But Peter didn't know that he had already won. "If I believe that, if I accept that, then I've got to sit back and watch while all the opportunities vanish, and then when I'm old enough it's too late. Val, listen to me. I know how you feel about me, you always have. I was a vicious, nasty brother. I was cruel to you and crueler to Ender before they took him. But I didn't hate you. I loved you both, I just had to be-- had to have control , do you understand that? It's the most important thing to me, it's my greatest gift, I can see where the weak points are, I can see how to get in and use them, I just see those things without even trying. I could become a businessman and run some big corporation, I'd scramble and maneuver until I was at the top of everything and what would I have? Nothing. I'm going to rule, Val, I'm going to have control of something. But I want it to be something worth ruling. I want to accomplish something worthwhile. A Pax Americana through the whole world. So that when somebody else comes, after we beat the buggers, when somebody else comes here to defeat us, they'll find we've already spread over a thousand worlds, we're at peace with ourselves and impossible to destroy. Do you understand? I want to save mankind from self-destruction."
She had never seen him speak with such sincerity. With no hint of mockery, no trace of a lie in his voice. He was getting better at this. Or maybe he was actually touching on the truth. "So a twelve-year-old boy and his kid sister are going to save the world?"
"How old was Alexander? I'm not going to do it overnight. I'm just going to start now. If you'll help me."
"I don't believe what you did to those squirrels was part of an act.

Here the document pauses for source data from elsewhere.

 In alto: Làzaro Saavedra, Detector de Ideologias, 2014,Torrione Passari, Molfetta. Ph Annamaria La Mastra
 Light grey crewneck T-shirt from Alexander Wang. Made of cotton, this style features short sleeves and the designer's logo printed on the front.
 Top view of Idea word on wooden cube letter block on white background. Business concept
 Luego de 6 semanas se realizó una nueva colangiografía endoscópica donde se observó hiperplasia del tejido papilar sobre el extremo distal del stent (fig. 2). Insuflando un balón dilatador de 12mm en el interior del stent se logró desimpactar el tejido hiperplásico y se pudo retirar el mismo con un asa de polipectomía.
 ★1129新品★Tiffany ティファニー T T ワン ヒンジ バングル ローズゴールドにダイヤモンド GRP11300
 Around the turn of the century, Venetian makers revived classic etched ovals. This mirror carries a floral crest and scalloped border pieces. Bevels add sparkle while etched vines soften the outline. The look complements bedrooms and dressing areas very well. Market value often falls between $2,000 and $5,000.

I think you did it because you love to do it."
Suddenly Peter wept into his hands. Val assumed that he was pretending, but then she wondered. It was possible, wasn't it, that he loved her, and that in this time of terrifying opportunity he was willing to weaken himself before her in order to win her love. He's manipulating me, she thought, but that doesn't mean he isn't sincere. His cheeks were wet when he took his hands away, his eyes rimmed in red. "I know," he said. "It's what I'm most afraid of. That I really am a monster. I don't want to be a killer but I just can't help it."
She had never seen him show such weakness. You're so clever, Peter. You saved your weakness so you could use it to move me now. And yet it did move her. Because if it were true, even partly true. then Peter was not a monster, and so she could satisfy her Peter-like love of power without fear of becoming monstrous herself. She knew that Peter was calculating even now, but she believed that under the calculations he was telling the truth. It had been hidden layers deep, but he had probed her until he found her trust.

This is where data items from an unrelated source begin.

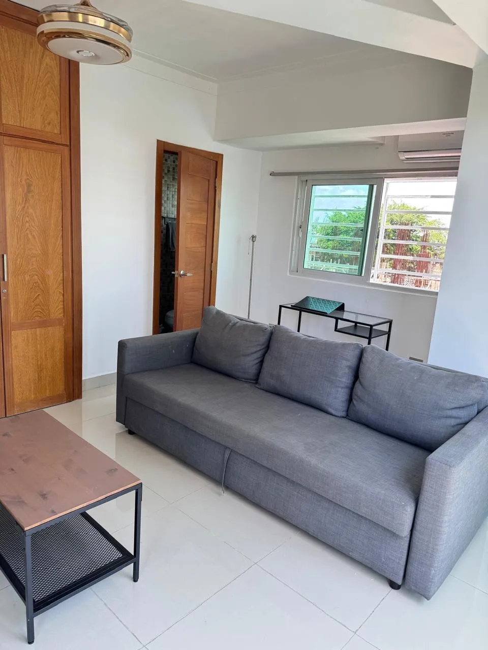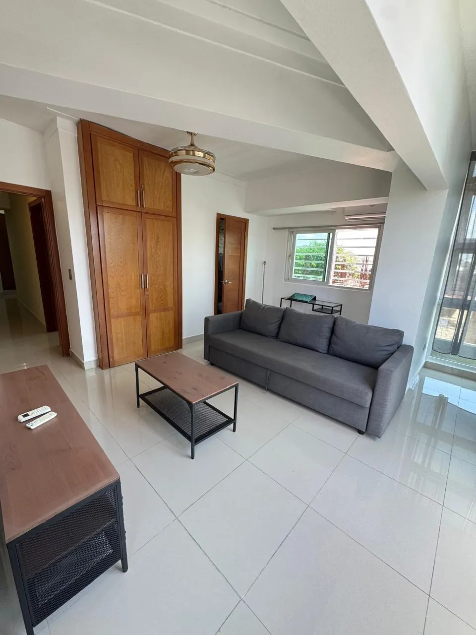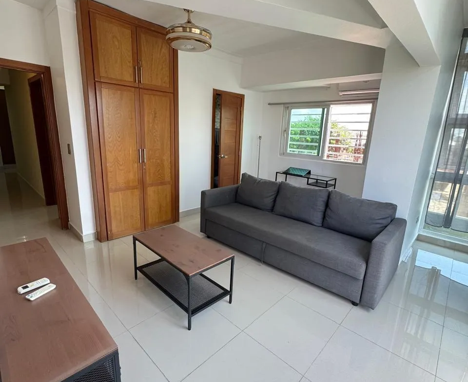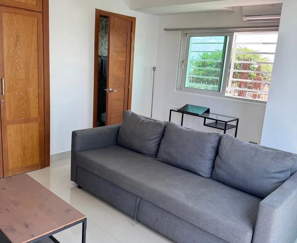 Tiene dos habitaciones, 1 baño, medio baño, pequeño estar familiar o área de trabajo. Una de las habitaciones puede ser estudio.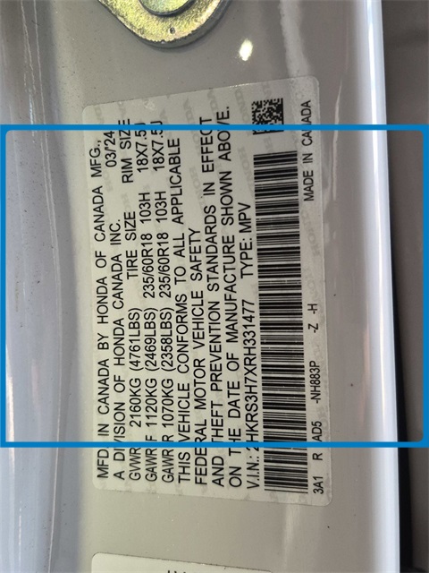 - VIN : 2HKRS3H7XRH331477
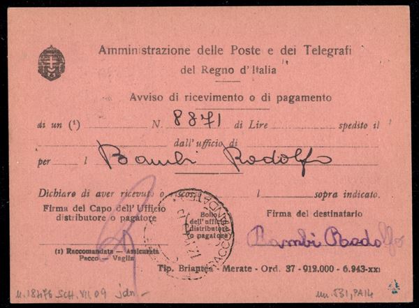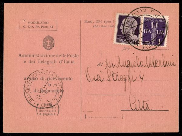 Gemelli - Die 1 lira Imperiale + Aerea (252A + 14) su avviso di pagamento - Firenze 17.11.45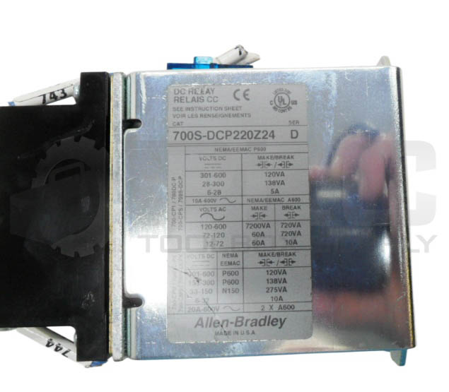 • ALLEN BRADLEY 700S-DCP220Z24 /D DC RELAY 600V AC/DC 10A W/ PD714 COIL 24VDC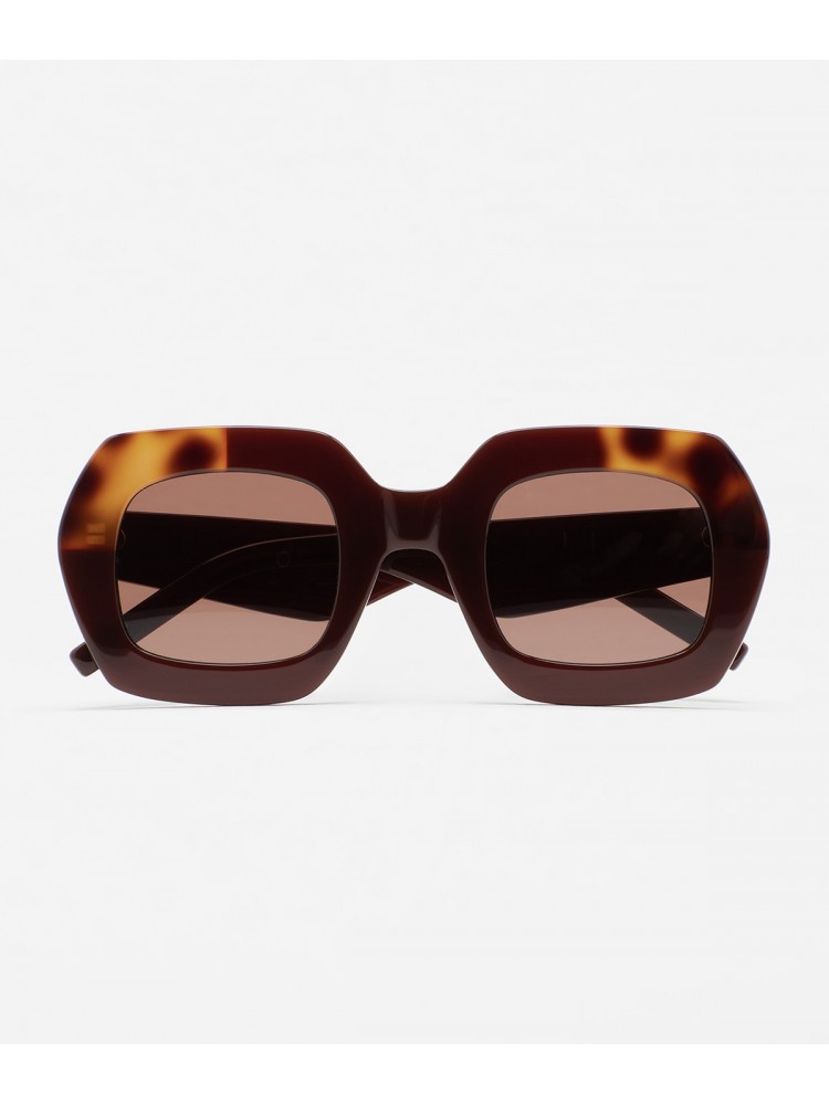 Gafa de sol de forma cuadrada. Frontal de acetato marrón translucido con laminado havana marrón. Varillas de acetato marrón translúcido. Lente marrón base 2 con 100% protección UV y tratamiento antirreflejante. Lente Categoría 3. Plaquetas de acetato incorporadas. Hecha a mano.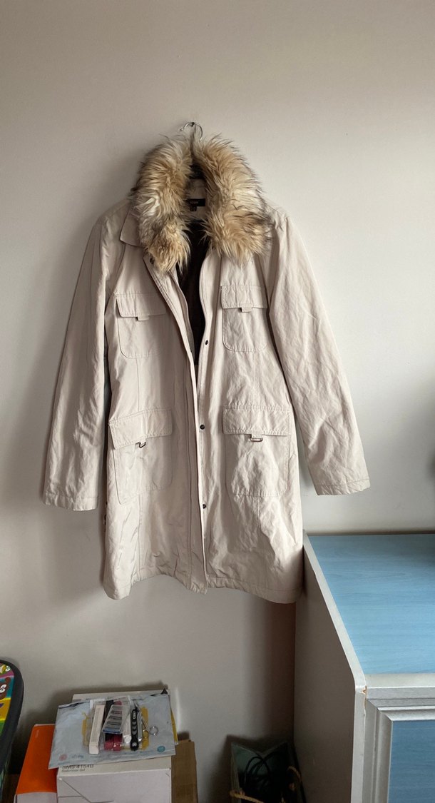 Bej renkli fermuarlıdüğmeli midi kaban. Keten kumaştan, uzun kollu ve düz kemerli Günlük ve rahat sokak stili için uygun. Ayrıca astarın beden bölümü miflönlü soğuktan korur.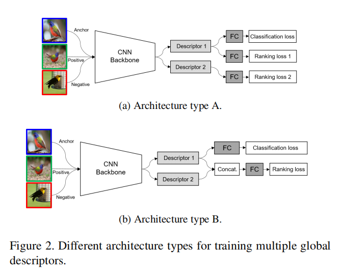 论文比较了组合全局描述符的不同方式,如下图所示: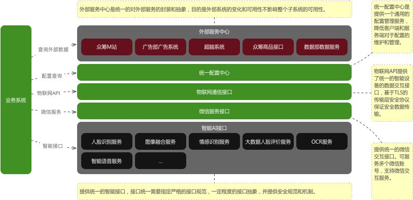 经过对整个产品技术架构的梳理和产品抽象,我们对一些基础的服务进行了抽离,形成了基础能力库,从而具有AI、AR/VR、语音、大数据等基础能力,使我们的基础技术能够满足产品搭积木的组合方式,以最灵活的方式,能够快速搭建一套新的产品。整合架构如下图所示:

"Val, if you don't help me, l don't know what I'll become. But if you're there, my partner in everything, you can keep me from becoming -- like that. Like the bad ones."

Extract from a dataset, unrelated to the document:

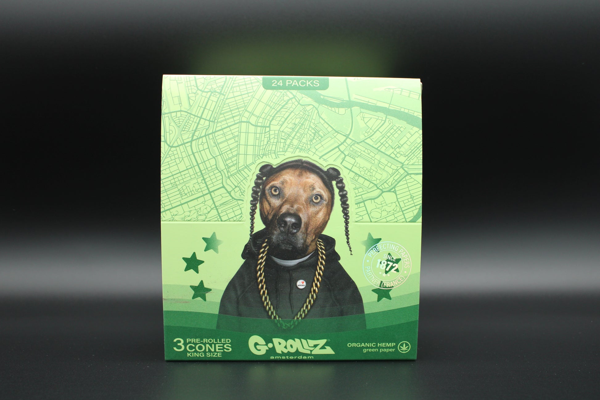 Das verkaufsfertige Display enthält 24 Packungen G-Rollz Dog Green Hemp King-Size Cones, jeweils mit vorgedrehten Cones für schnelles und unkompliziertes Befüllen.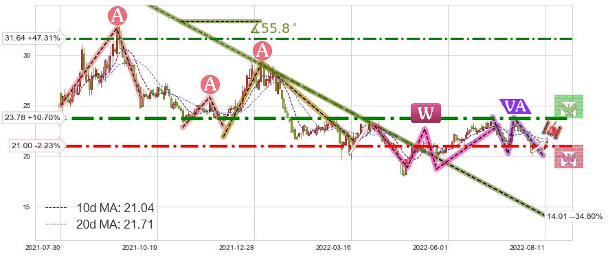 ♘ 阻力价格位31.64,可信任强度57.10%,距离最后交易2022-08-12形成的收盘价格21.48相差 +47.31%

She nodded. You are only pretending to share power with me, she thought, but in fact I have power over you. even though you don't know it. "I will. I'll help you."
As soon as Father got them both onto his citizen's access, they began testing he waters. They staved away from the nets that required use of a real name. That wasn't hard because real names only had to do with money. They didn't need money. They needed respect, and that they could earn. With false names, on the right nets, they could be anybody. Old men, middle-aged women, anybody, as long as they were careful about the way they wrote. All that anyone would see were their words, their ideas. Every citizen started equal, on the nets.
They used throwaway names with their early efforts. not the identities that Peter planned to make famous and influential. Of course they were not invited to take part in the great national and international political forums -- they could only be audiences there until they were invited or elected to take part. But they signed on and watched, reading some of the essays published by the great names, witnessing the debates that played across their desks.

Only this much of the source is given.